⟨
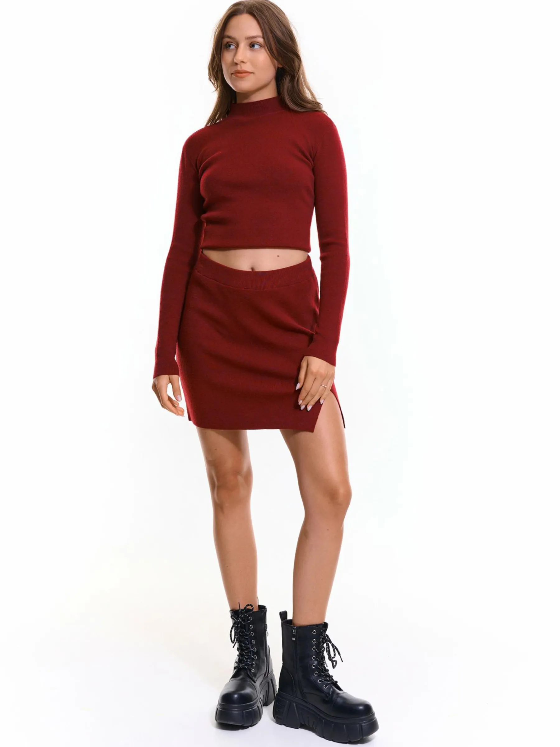 Kolor: czerwonyKrój: podstawowyTyp: spódnicaDługość: miniPattern style: pojedynczy kolorDetal: z rozcięciemMateria…
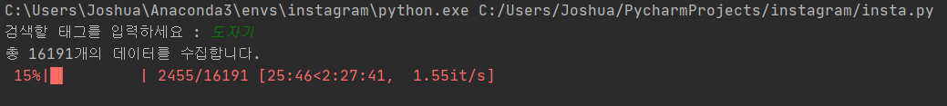 tqdm 라이브러리를 사용하여 진행상황을 실시간으로 확인할 수 있도록 하였습니다. 30분 정도 진행했을 때 전체 15%의 태그가 수집되었습니다. 상당히 오래걸립니다. 전체를 다 수집하는데 약 3시간 30분 소요될 것으로 예상됩니다.
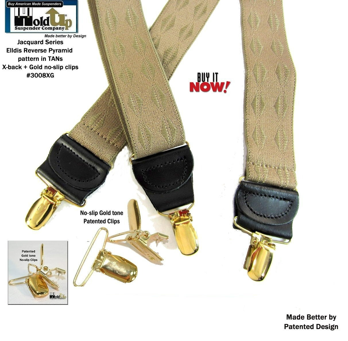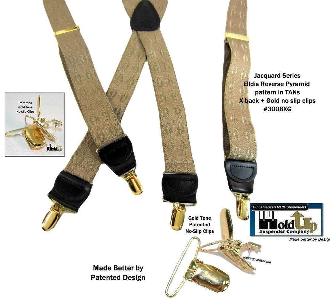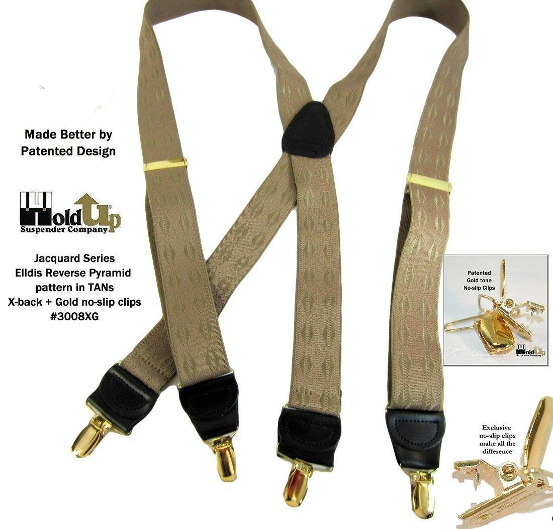 HoldUp Suspender Company is proud to offer our Jacquard Series men's suspender in an ELDDIS TAN jacquard weave tan on tan color mix in a reverse diamond pattern on these dressy clip-on suspenders. These suspenders feature X-back style with Gold-tone patented center pin type metal clips and matching golden metal strap length adjusters. These are 1 1/2" wide and are adjustable to 48" in length so they fit men to 6 feet tall. The single-clip Jacquard Series HoldUps all feature our USA patented No-Slip Suspender Clip guaranteed to never slip, slide, or fly off your pants like all other suspender clips do with exclusive needle sharp center holding pin. No matter how much you spend the net result will never equal a pair of ELDDIS TAN Hold-Up suspenders shown below! We offer you an unconditional 30 day money back guarantee which will back up our quality fabrics and clips. You'll love these or we'll gladly refund your money. HoldUp Suspender Company has the first suspender patent in 124 years to back up our entire line of 490 styles of men's and women's suspenders. The jacquard weaving process allows for a blending of the shades of the same color to produce a stunning reverse diamond or pyramid pattern in these Holdup jacquard weave suspenders. Buy using your Amazon or PayPal account and get FREE FREIGHT OFFER AT CHECKOUT.
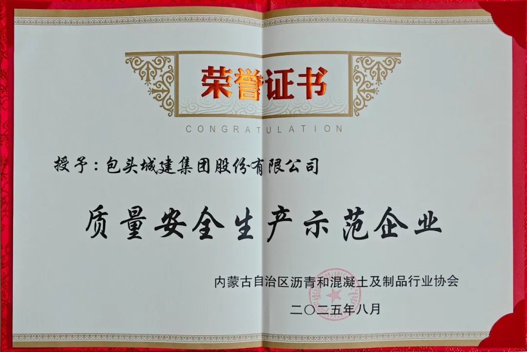近日,在内蒙古自治区沥青和混凝土及制品行业协会一届三次理事会暨表彰大会上,我司客户包头城建集团股份有限公司荣膺“质量安全生产示范企业”称号。我司润天智科为其量身打造的沥青一体式混合料搅拌站,为这一成就提供了重要设备与技术支撑。特此祝贺包头城建集团!
⟩
_Your objective_: Pictures stay out; everything else in the listing above is to be repeated exactly.

_Written solution_:
 Kolor: czerwonyKrój: podstawowyTyp: spódnicaDługość: miniPattern style: pojedynczy kolorDetal: z rozcięciemMateria…
 tqdm 라이브러리를 사용하여 진행상황을 실시간으로 확인할 수 있도록 하였습니다. 30분 정도 진행했을 때 전체 15%의 태그가 수집되었습니다. 상당히 오래걸립니다. 전체를 다 수집하는데 약 3시간 30분 소요될 것으로 예상됩니다.
 HoldUp Suspender Company is proud to offer our Jacquard Series men's suspender in an ELDDIS TAN jacquard weave tan on tan color mix in a reverse diamond pattern on these dressy clip-on suspenders. These suspenders feature X-back style with Gold-tone patented center pin type metal clips and matching golden metal strap length adjusters. These are 1 1/2" wide and are adjustable to 48" in length so they fit men to 6 feet tall. The single-clip Jacquard Series HoldUps all feature our USA patented No-Slip Suspender Clip guaranteed to never slip, slide, or fly off your pants like all other suspender clips do with exclusive needle sharp center holding pin. No matter how much you spend the net result will never equal a pair of ELDDIS TAN Hold-Up suspenders shown below! We offer you an unconditional 30 day money back guarantee which will back up our quality fabrics and clips. You'll love these or we'll gladly refund your money. HoldUp Suspender Company has the first suspender patent in 124 years to back up our entire line of 490 styles of men's and women's suspenders. The jacquard weaving process allows for a blending of the shades of the same color to produce a stunning reverse diamond or pyramid pattern in these Holdup jacquard weave suspenders. Buy using your Amazon or PayPal account and get FREE FREIGHT OFFER AT CHECKOUT.
近日,在内蒙古自治区沥青和混凝土及制品行业协会一届三次理事会暨表彰大会上,我司客户包头城建集团股份有限公司荣膺“质量安全生产示范企业”称号。我司润天智科为其量身打造的沥青一体式混合料搅拌站,为这一成就提供了重要设备与技术支撑。特此祝贺包头城建集团!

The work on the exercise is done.